Medicare cuts have a domino affect on everyone’s’, but the very wealthiest, retirement security. As Our Future notes Medicare recipients will be paying more our of pocket with Ryan’s vouchers. In many households they will use their Social Security benefits to pay for out-of-pocket expenses or to pay for more insurance. Those receiving some kind of conventional pension plan benefits – a fixed income – will also be forced to dip into those funds. 401Ks have proven to be less than ideal since their value is connected to the stock market. Maybe those with a large 401K will weather the storm, others not so much. How’s that Ryan back of the envelope projection of deficit savings looking now. Savings for who. Ryan’s plan includes a huge tax cut for corporations and millionaires. Like all conservatives and especially Randians like Ryan, he thinks we all have to keep the one percent at the top of the pyramid happy because they create jobs – or they create the nation’s income and revenue. Even far too many conservative Democrats believe that. Creating the nation’s wealth is a partnership. Without labor the most creative, most brilliant entrepreneur in the world is largely one person with a pipe dream. Only labor turns dreams and ideas into money. There has been a steady erosion of this fact of economic life in the U.S. at least since Nixon. Not all, but many of America’s wealthy – the Koch brothers school of economics, believe they are modern royalty, they are the princes of supply side economics – they and they alone create wealth. No dollar is created in this country that does not owe its origins to someone who did some actual work – who built the frame for the house, who assembled the car frame, who delivered the fuel, who programmed the data, who created and tallied the spread sheet, who changed the bed pan. These are the people the right-wing conservative bloggers call thugs.These American workers are the people who only exists as some kind of background noise to Ryan and Pethokoukis; the great unwashed masses who should be grateful that our overlords give us work. While we need some good federal stewards of the economy, we also need one political movement and a good portion of the business community to learn some humility. America’s wealth depends on a partnership, not the kings in their McMansions handing down edicts to the peasants.

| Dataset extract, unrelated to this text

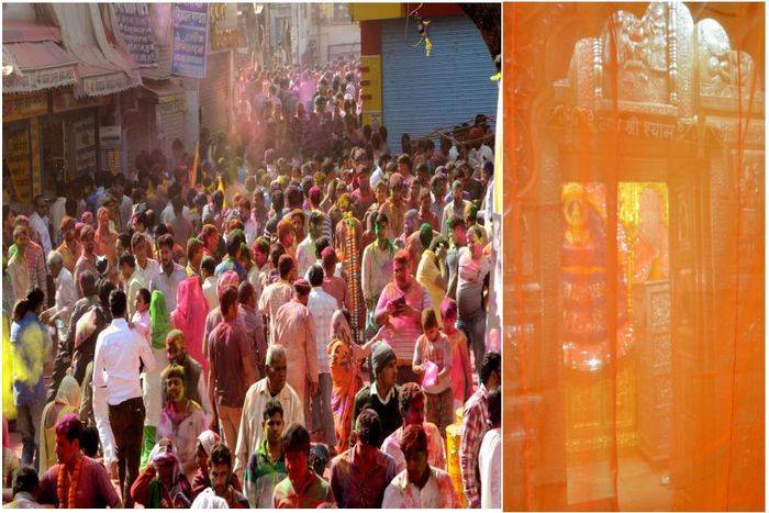 श्याम मंदिर में बाबा श्याम के आगे केसरिया रंग का झीना पर्दा लगा हुआ था, जिसमें से भक्त बाबा का दीदार कर मनौतियां मांग रहे थे। भारी भीड़ के चलते सुबह 11 बजे करीब श्याम पट्ट बंद कर दिए गए, जो शाम चार बजे खोले गए।

Some useful links: Paul Ryan’s Tax Plan Based On Discredited Heritage Foundation Analysis That Forecast Bush Boom

This from conservative David Frum, Ryan’s Rosy Job Numbers: Fact or Fantasy?

Specifically, the Ryan budget touts analysis from the Heritage Foundation which argues that the unemployment rate will reach 2.8% by 2021. (For comparison, ‘natural’ unemployment is estimated to be around 5%) FrumForum contacted the Heritage Foundation’s Center for Data Analysis to ask about this figure.

The Heritage Foundation is just making stuff up. They can call Paul Krugman names all days it still doesn’t make their math right.

The Reviews Are In for Paul Ryan’s Budget and based on what he actually says and with fewer rosy assumptions, it ain’t good.

Ryan Plan Pushes Optimism to the Outer Limits

Paul Ryan already benefited from the Social Security fund he now wants to gut. Like Sarah Palin, Ryan thinks government checks to them are good, bad when anyone else gets one.